Steering Versus Fueling
By Dan Fox, LPC
Let’s use the metaphor of life as a car. If your daughter’s life was a car, when she’s little, it’s your job to steer. We’ve got to keep them safe, provide a rational structure, help them when they are stuck emotionally or with one of life’s many challenges. Still, by the time they are truly adults, they need to be able to steer their own car, to pick a destination and know how to get there, to stay safe despite the dangers of the road, to keep their car running in a healthy way. By the time your daughter is an adult, your days of steering are long over. Your role has changed. It’s time to focus on fueling.
Steering is trying to control. Steering is checking to make sure that they’ve made a doctor’s appointment. Steering is giving them money if they get good grades. When you call with a list of concerns that you hope to make them aware of, that’s steering too. So is telling them that you won’t pay for any more classes if they fail again.
Steering isn’t inherently bad; but as your child gets older, it just does more to support perpetual adolescence than to support a launch towards adulthood. And if you are like many parents, you know from hard earned experience that it’s hard to steer someone else’s life very effectively.

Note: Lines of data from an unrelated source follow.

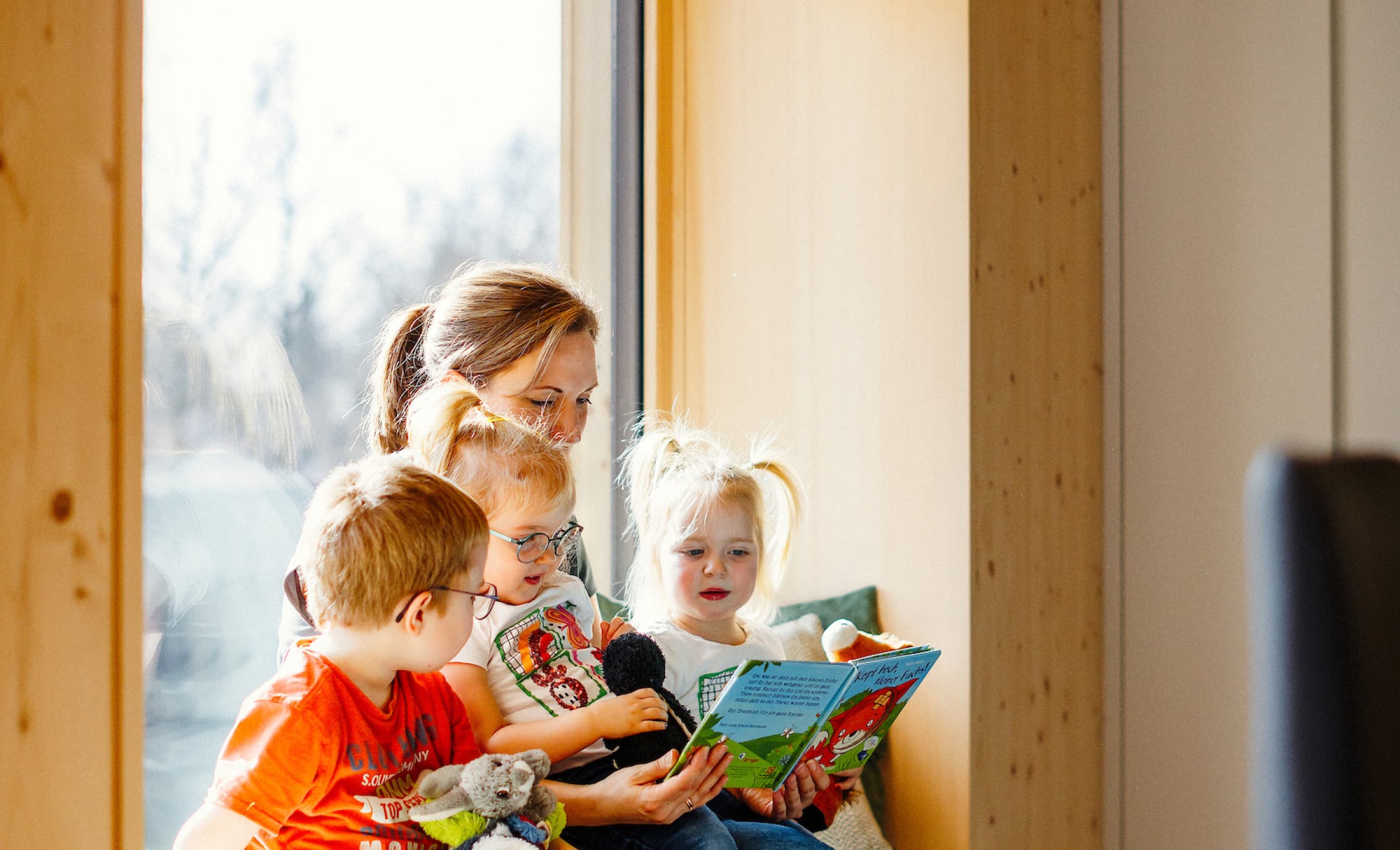 Das 2-Familienhaus von Beate und Paul sowie Tochter Aurelia mit Christian und ihren drei Kindern ist wunderbar verwinkelt und ineinander verbunden, verzichtet dennoch nicht auf individuellen Wohnraum und Privatsphäre. Mittlerweile beherbergt es die 4. Generation.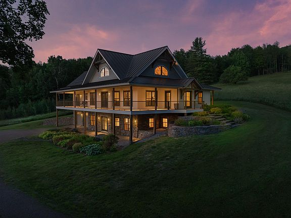 This exceptional, custom-built luxury home in the bucolic Mad River Valley offers sweeping, unobstructed views of Sugarbush Mountain and the breathtaking landscape beyond. Common Road is one of the area's most beloved walking and riding routes, sought after by locals and tourists alike for its gentle grade and beauty. Designed by Moore Design Builders for both comfort and sophistication, the interior features soaring cathedral ceilings, rich natural woodwork, and a chef's kitchen complete with built-in cabinetry and a wall oven. The home is highly energy efficient, built with insulation to Nome, AK standards and top-quality radiant floor heating. Entertain at the wet bar, enjoy the convenience of a dumbwaiter for groceries, and stay active year-round in your private home gym. The spacious primary suite provides a true retreat with a whirlpool tub and a rejuvenating steam shower. A separate wing of the house can be locked off, offering the perfect setup for an in-law apartment or private guest quarters. Step outside to the expansive wraparound deck, ideal for morning coffee or evening sunsets, while the patio provides ample space for grilling and entertaining. Additional features include a barn, garage, and attic space, ensuring plenty of room for all your storage needs. Sold fully furnished with custom or high-end pieces, this is Vermont living at its finest—private, peaceful, and perfectly situated to enjoy the best of mountain life.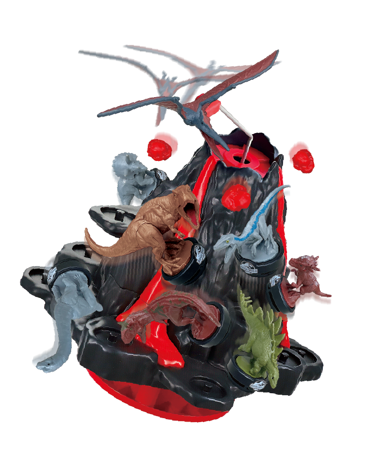 Place the Dinosaur Figures onto the volcano but don't make the Pteranodon fly around above the volcano or it might erupt!

When we steer older adolescents, the tendency is for our kids to feel a little judged or a little inadequate. It’s like we don’t trust them to be able to handle life’s challenges. Or we create conflict. We come across as being too alarmist or a nag. We can end up unsure whether or not we got our point across, and whether or not it was worth it even if we did.
Rather than trying to figure out how best to steer, the parent journey at this life stage is more about how to fuel. If you are like many parents, sometimes contact with your son or daughter is strained. To fuel is to be able to have contact with them where they leave less stressed or anxious, not more. Fueling is about believing in them, keeping the faith in whom they are and whom they will become, even if they don’t feel confident. Fueling is about being able to hang out and enjoy the time together, without any particular agenda. If they don’t call you back, if they give one-word answers, if you feel like you’re being avoided, let’s face it – these are all signs that despite our best intentions, they are not feeling fueled.
Most parents do a pretty good job of fueling. But at this life stage, it’s worth becoming an expert fueler. Two skills to work on: (1) being able to identify your interactions as either fueling or steering, and (2) deliberately practicing communication that fuels rather than steers.